By Jodie Lynn
I know you have written about this before a couple of years ago, but I was wondering if you could give your insight on cell phones for kids again. My eight-year-old daughter's dad bought her a cell phone. Many of her friends already have one. My ex-husband says that he just wants to keep in touch with her more frequently. It's more of a luxury in my opinion and now, instead of doing her homework, I'll find her playing games on it. She's very excited about it and I hate to be the mean parent, but shouldn't some restrictions apply?
ANSWER FROM READER:
We have three kids who are constantly all over the place with practices, recitals, games and classes. The oldest is twelve, then ten and eight. My husband has been wanting to get them cell phones for a couple of years now to help with their whereabouts and schedules. However, I felt they were just too young and I'd heard some horror stories from friends about their kids running up the bill like crazy. Only recently did we get the 12-year-old one just because we felt we could teach him responsibility about when, where and how to use it. So far, it has worked out well. If I were you, I'd just give the phone back to your ex-husband and tell him she can have it either only at his house or in three or four years. - E. R. in Norfolk, VA
Personally, I think eight is rather young to have a cell phone.
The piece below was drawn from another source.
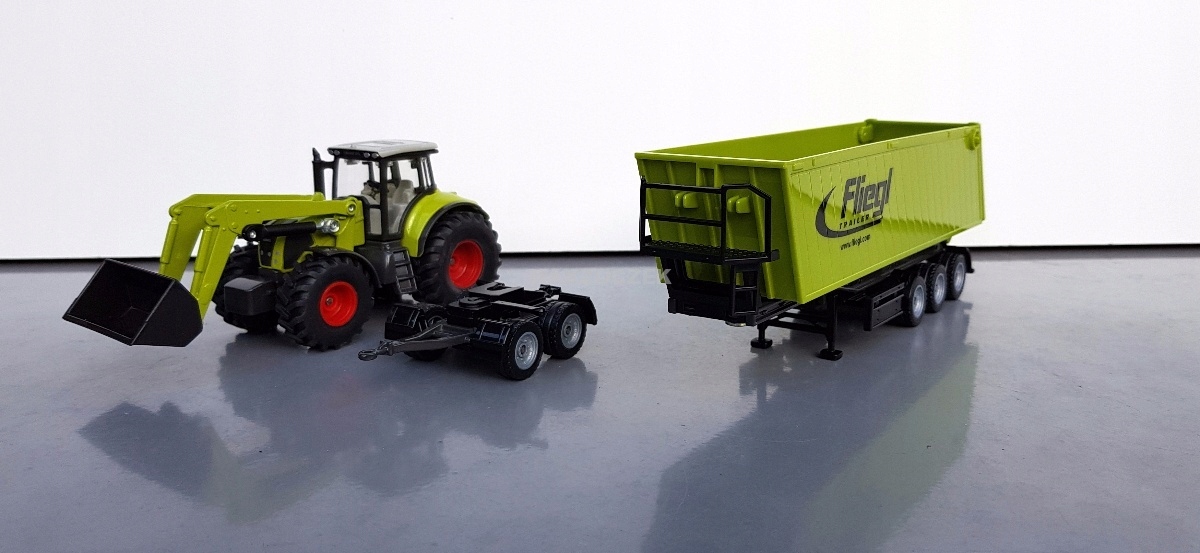 Набор, состоящий из трактора с погрузчиком и самосвала. Трактор Claas Axion 850 с погрузчиком тянет 3-осный самосвал Dolly. Самосвал Dolly можно комбинировать с любыми тракторами серии SIKU. Возможность открыть заднюю дверь. Металлическая модель с пластиковыми элементами. Очень тщательно сделано с вниманием ко всем деталям.

In fact, they can still be pretty expensive, especially if there are not specific restrictions in place. It is quite easy for kids of any age to download games, music and a wide array of apps that may or may not be safe that cost an arm and a leg without them ever realizing it. I am surprised that your ex-husband did not discuss his idea of buying one for her before doing so. Not knowing your relationship with him, perhaps he got it for her because he knew you might not agree and just wanted to avoid an argument. I would talk with him in an non-threatening manner and tell him your concerns about her playing games instead of reading or doing homework. Ask him if he would help you set up guidelines for when and where she should actually use it. Once school is out, explain that she can use it more freely, but it would still be under supervision. If the two of you can join together to talk with her calmly, she will likely be more willing to follow the rules, as opposed to you having to put your foot down by yourself.
CAN YOU HELP?
On many food products, especially salad dressings, the ingredients part of the label will say that it contains sugar. However, on the nutrition section of the label, it will say zero gram of sugar. I have called manufacturers and distributors for some of these products who have had no answers as to why this happens. We have diabetics in the family and were wondering if someone could explain their system of labeling?